- Promotional poster
- Hangul: 해피니스
- RR: Haepiniseu
- MR: Haep'inisŭ
- Genre: Thriller;
- Created by: Yang Ji-eul (Tving); Lee Myung-han (tvN);
- Developed by: Kim Young-kyu; Studio Dragon;
- Written by: Han Sang-woon
- Directed by: Ahn Gil-ho
- Starring: Han Hyo-joo; Park Hyung-sik; Jo Woo-jin;
- Country of origin: South Korea
- Original language: Korean
- No. of episodes: 12

Production
- Executive producer: Jo Moon-ju
- Producers: Hong Won-ju; Jeong Se-mi;
- Running time: 70 minutes
- Production company: Studio Dragon

Original release
- Network: TVING; tvN;
- Release: November 5 – December 11, 2021

= Happiness (South Korean TV series) =

2021 South Korean television series

Happiness is a 2021 South Korean television series produced by Studio Dragon and starring Han Hyo-joo, Park Hyung-sik and Jo Woo-jin. It is an apocalyptic thriller that takes place in a time when infectious diseases have become the new normal. It aired on tvN every Friday and Saturday at 22:40 (KST) from November 5 to December 11, 2021. It is also available for streaming on Viki, Viu, Netflix, Amazon Prime Video, Max, and iQIYI in selected territories.
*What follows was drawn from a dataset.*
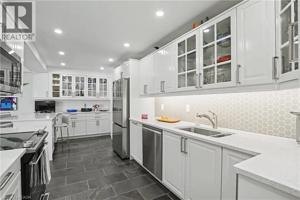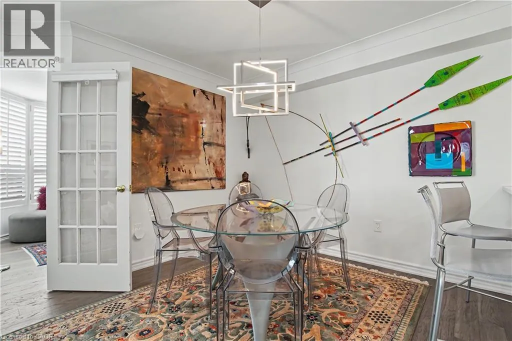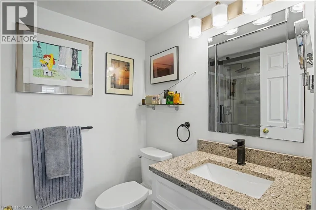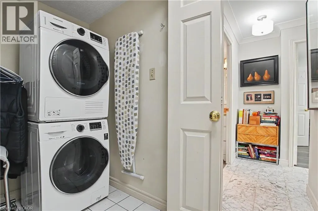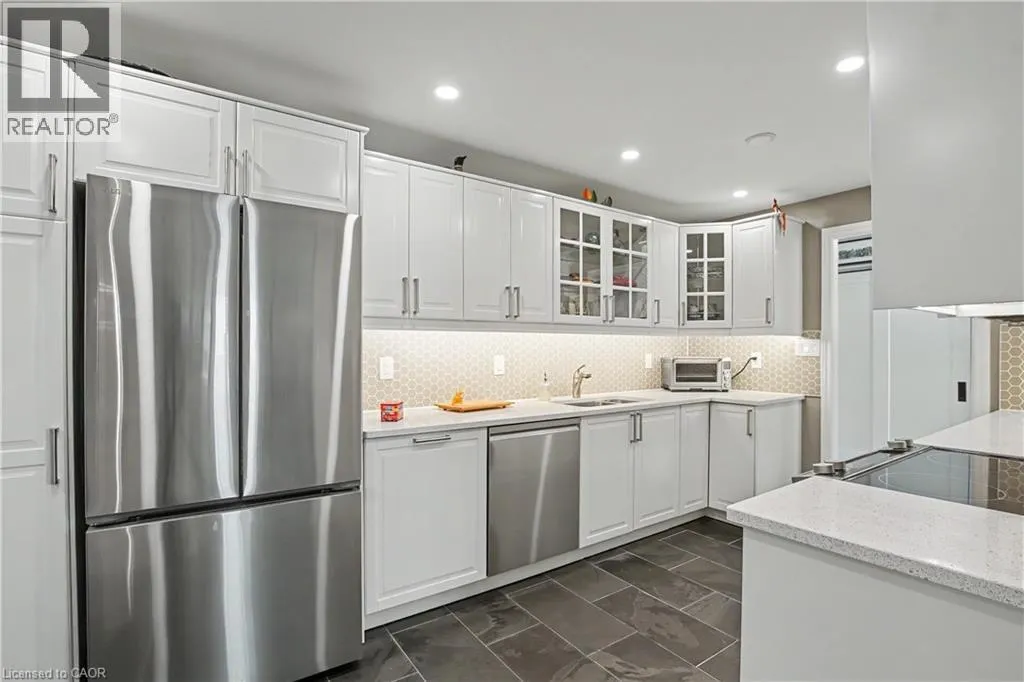 Brant Street to Lakeshore Rd, East of Martha St Ideally located steps from Burlingtonâs vibrant downtown. 2121 Lakeshore Road, 'Village Gate', is an exclusive boutique condominium with just 39 units. A well-managed and meticulously maintained building offering a welcoming lobby with intercom and hands-free entry. Welcome to SUITE 405 a fully renovated 2-bedroom, 2 bath plus Den. The galley-style kitchen with breakfast bar is open to the dining room. Features include: white cabinetry offering abundant storage, glass display cabinets, quartz countertops, stylish backsplash, stainless steel appliances, pot lights, and slate flooring. The open-concept living, dining, and den are bright and inviting, highlighted by bay windows, California shutters, smooth ceilings and engineered hardwood flooring. Thoughtfully curated and full of character., each space flows seamlessly into the next, creating an inviting atmosphere that feels both stylish and personal. The result is a warm, gallery-like setting that celebrates creativity while maintaining comfort and functionality. The Spacious Principal Bedroom includes a bay window, engineered hardwood flooring, California shutters, and a walk-in closet, along with a private 4-piece Ensuite featuring an updated vanity and tub/shower combination. The second bedroom also features a bay window and engineered hardwood flooring. A 3-piece main bath offers a glass-enclosed shower and vanity. Laundry w/stacking washer & dryer and additional storage space. Neutral paint, Smooth Ceilings throughout, Engineered Hardwood flooring, Linen Closet, Utility Closet. 1 Parking and 1 Locker. The outdoor spaces beautifully landscaped with benches to relax and enjoy the gardens and fresh air. Steps to downtown shops, cafes waterfront, arts, Hospital, grocery, malls, GO, local transit and so much more. Welcome Home to Unit 405 - 2121 Lakeshore Road, Burlington. (id:27476)

While achieving respectable but modest ratings during its original run, Happiness became a sleeper hit upon its global release on streaming platforms in April 2022. Thanks to good word of mouth, appreciation for the chemistry between the two leads and execution of zombie genre, it rose to number seven on the Weekly Global Top 10 in non-English TV show category on Netflix.

Due to the success of the series, Han Hyo-joo was nominated for Best Leading Actress and the Popular Star Award at the 2022 Blue Dragon Series Awards, of which she won the latter. A spin-off webtoon of the same title was serialized on Naver Webtoon from November 12, 2021, to May 27, 2022.

==Synopsis==
===Setting===
Happiness takes place in the near future, where the release of a failed treatment drug "Next" has caused a worldwide pandemic known as the Lytta Virus, a.k.a. "mad person disease". Those infected by Lytta experience short bouts of insanity and bloodlust, before completely regressing into a zombie-like state. The South Korean Military and Police forces try to contain the spread of Lytta and Next through extensive investigation and authoritative quarantine measures, while civil rights groups protest against them, believing the infected are still capable of normal human interaction.

===Plot===
Yoon Sae-bom encounters a trainee at the Special Operations Unit who is infected by mad person disease. In the struggle to subdue the trainee, she is scratched, leading her to meet Han Tae-seok at a research facility. The facility houses many of the "patients" who are kept under observation in order to understand and cure the disease. It is revealed that the symptoms of mad person disease are first accompanied by unabated thirst, followed by the pupils turning white, and then thirst for human blood. The disease is not airborne, but spreads through scratches and bites, with Yoon Sae-bom seemingly immune to the disease. Some of those who contracted the disease are ultimately able to return to their former selves temporarily. Yoon Sae-bom makes a deal with Han Tae-seok which leads her to secure an apartment in a newly constructed building. However, in order to do so, she must be married, so she asks her high school friend Jung Yi-hyun, a former star baseball player but now a police detective, and he agrees to a contract marriage. The building is luxurious and stratified, with public rentals making up the first five floors, and those who own apartments for the upper ones. Class discrimination is evident when upper floor resident Oh Yeon-ok struggles at being the apartment's representative while keeping everyone in check. Yoon Sae-bom meets interesting and strange residents, forming a close attachment to her neighbor's young daughter.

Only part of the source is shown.